By Paul Gronke, Reed College; Darius Rejali, Reed College, and Peter Miller, University of Pennsylvania

The Senate report on torture found that the “enhanced techniques” used by the CIA were ineffective as a mechanism for gathering intelligence. In fact, the report stated there was no actionable intelligence gained while employing the controversial tactics used under the Detention and Interrogation Program that President Obama ended by Executive Order 13491 in January of 2009.

Will these findings, coupled with graphic explanations of the techniques, alter public opinion? Christopher Ingraham of the Washington Post warns us “not to kid ourselves: Most Americans are fine with torture, even when you call it ‘torture.“ Brittany Lyte of fivethirtyeight.com shows slightly more restraint while reporting “Americans have grown more supportive of torture.”

But have they? Public opinion polls have shown the contrary. The public has seldom been supportive of torture, even when presented with “ticking time bomb” scenarios where the intelligence is described as vital to stopping an impending terrorist attack. When asked about actual torture practices such as waterboarding or sexual humiliation, public support mostly collapses.

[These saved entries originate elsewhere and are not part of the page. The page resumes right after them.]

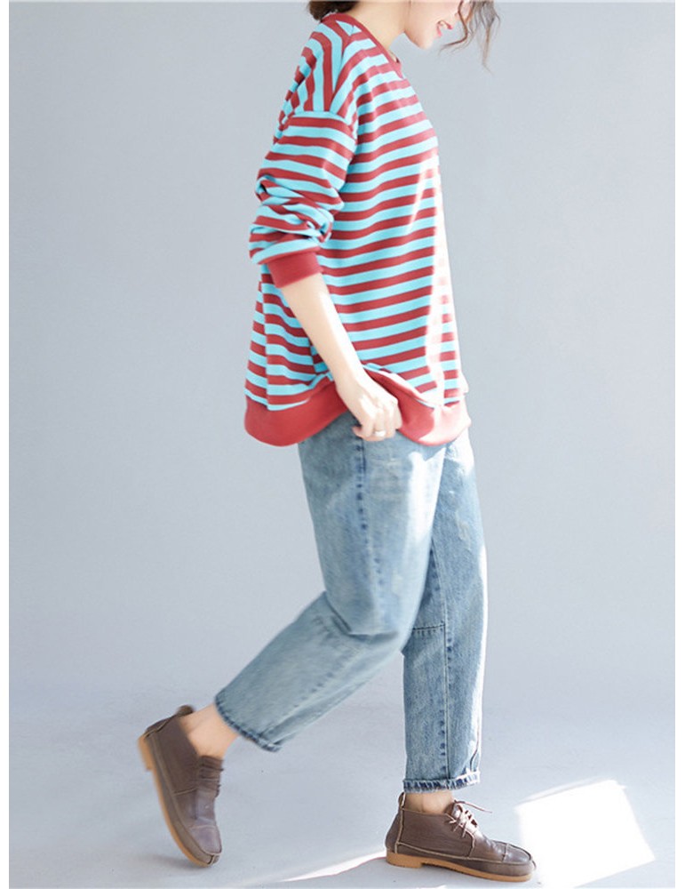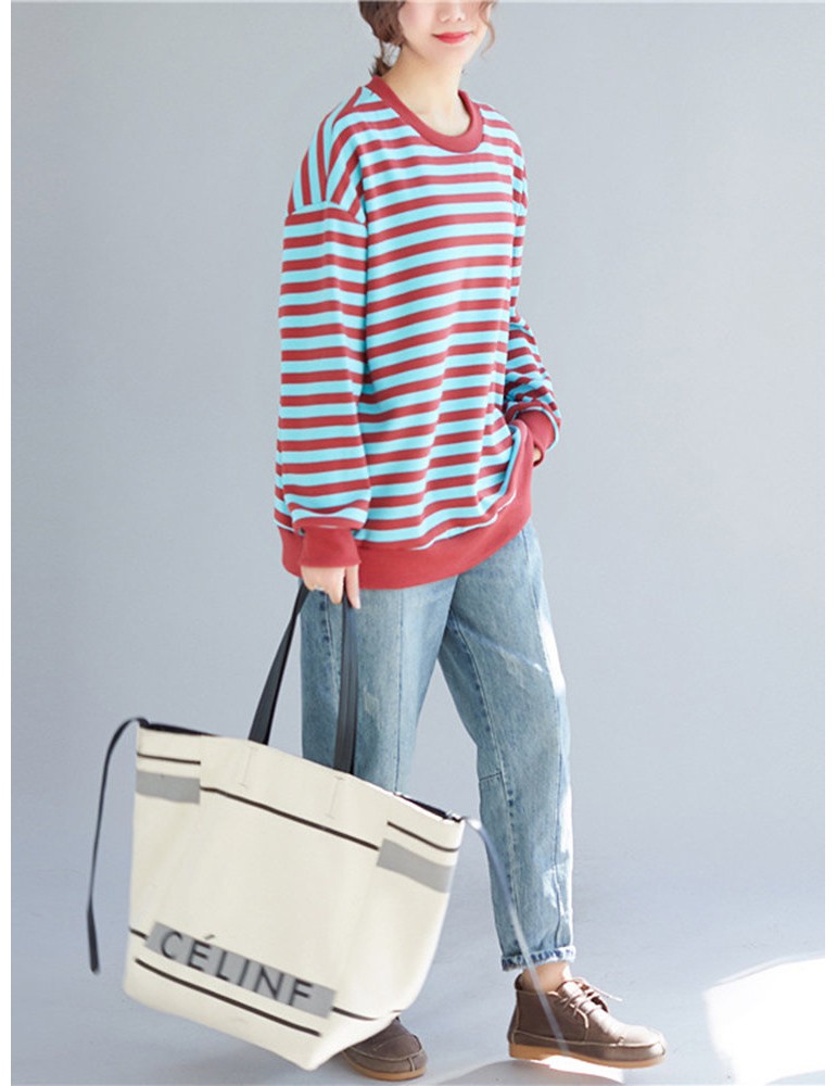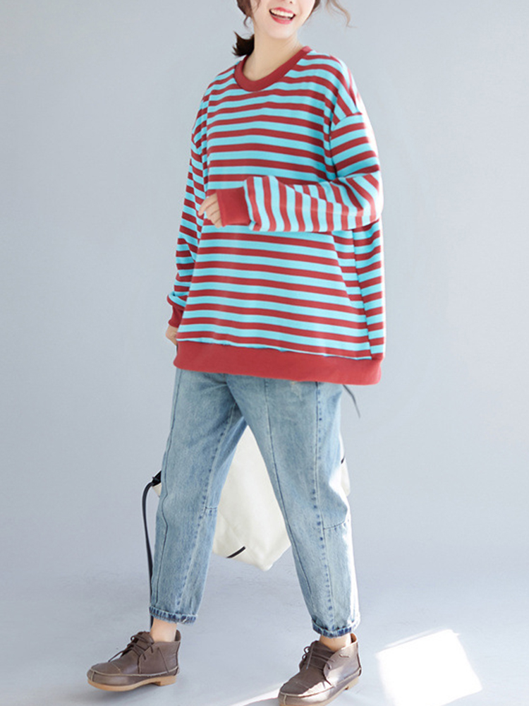 Casual Striped O-neck Long Sleeve Sweatshirt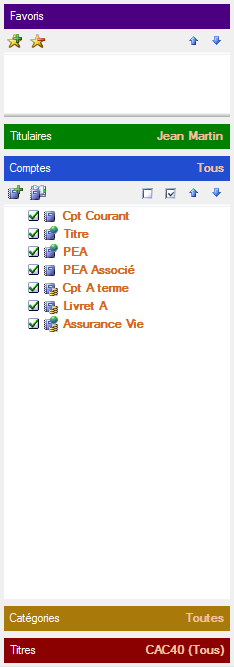 - un tout nouveau "bandeau de sélection" sera créé, avec une meilleure visibilité sur les différentes données (Titulaire, compte, catégories, titres etc...) ainsi que sur les données sélectionnées. Il devrait aussi intégrer une zone "Favoris" pour une sélection rapide des modules les plus utilisés.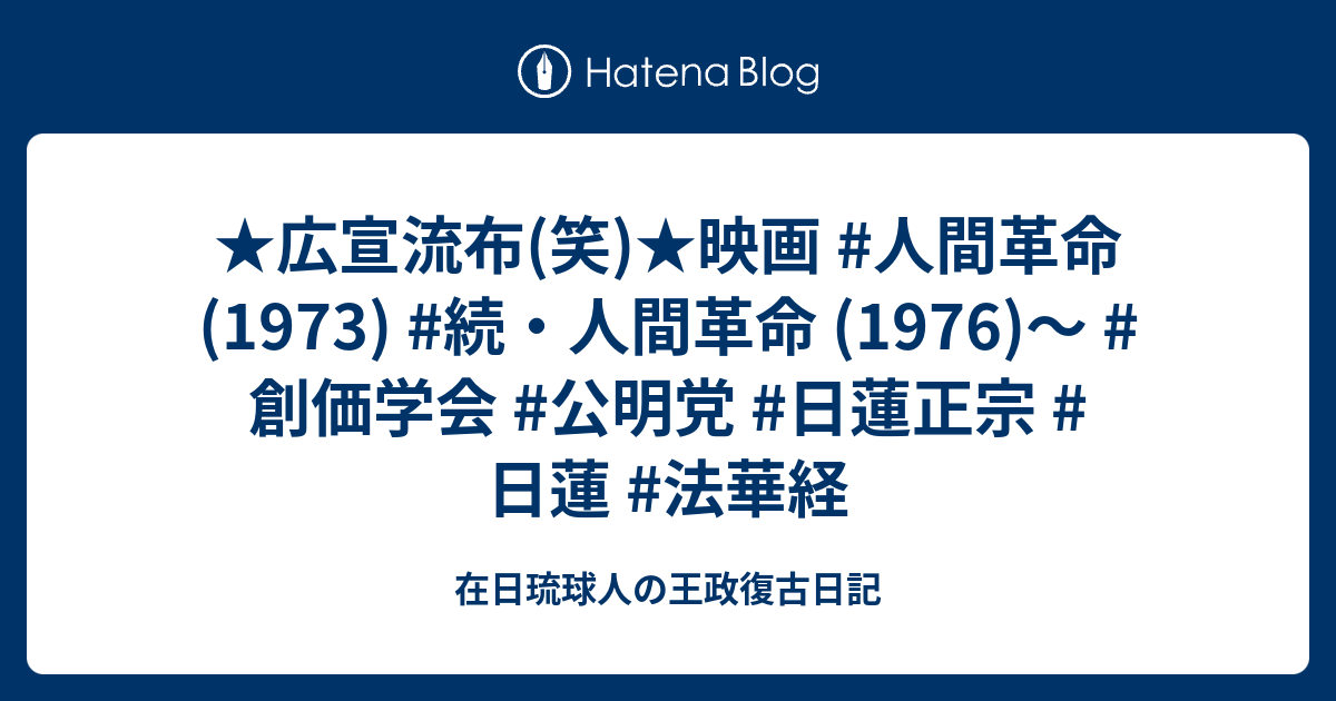 広宣流布 笑 映画 人間革命 1973 続 人間革命 1976 創価学会 公明党 日蓮正宗 日蓮 法華経 在日琉球人の王政復古日記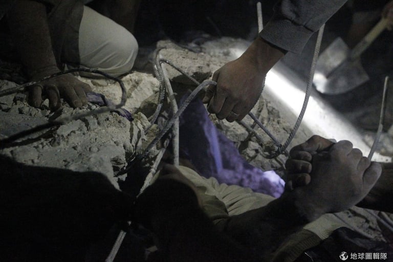 照片中的民眾正努力把被瓦礫堆埋住的男子拉出來,此處剛遭到敘利亞政府軍用「飛毛腿飛彈」(Scud missile)攻擊。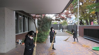 10月末になり朝晩と日中の気温差が広がり、遅れ気味だった紅葉が進んできました。登校時の足元には「落ち葉の絨毯」が広がっています。この時期生徒たちは毎朝交代で落ち葉掃き活動を行っています。朝の慌ただしい時間ですが、学年の枠を超えて協力して活動を行っています。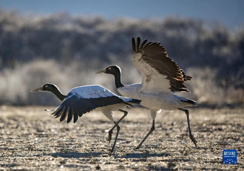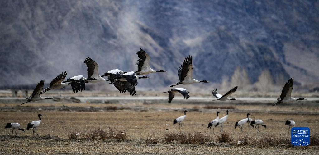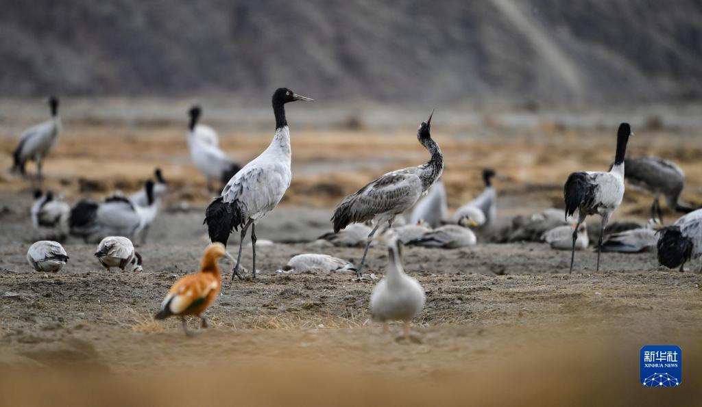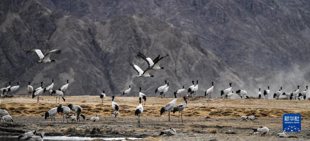 在西藏雅魯藏布江中遊河穀黑頸鶴國家級自然保護區日喀則片區拉孜縣附近,大量越冬的黑頸鶴翩翩起舞,迎接春天的到來。

We have compiled the most exhaustive archive of US and international public opinion data on torture dating back to 2001. Additionally, we have conducted three survey experiments to identify the boundaries and probe the nuances of public attitudes about torture. The archive includes items asking about support for torture, support for specific torture techniques, and even some surveys of American military personnel.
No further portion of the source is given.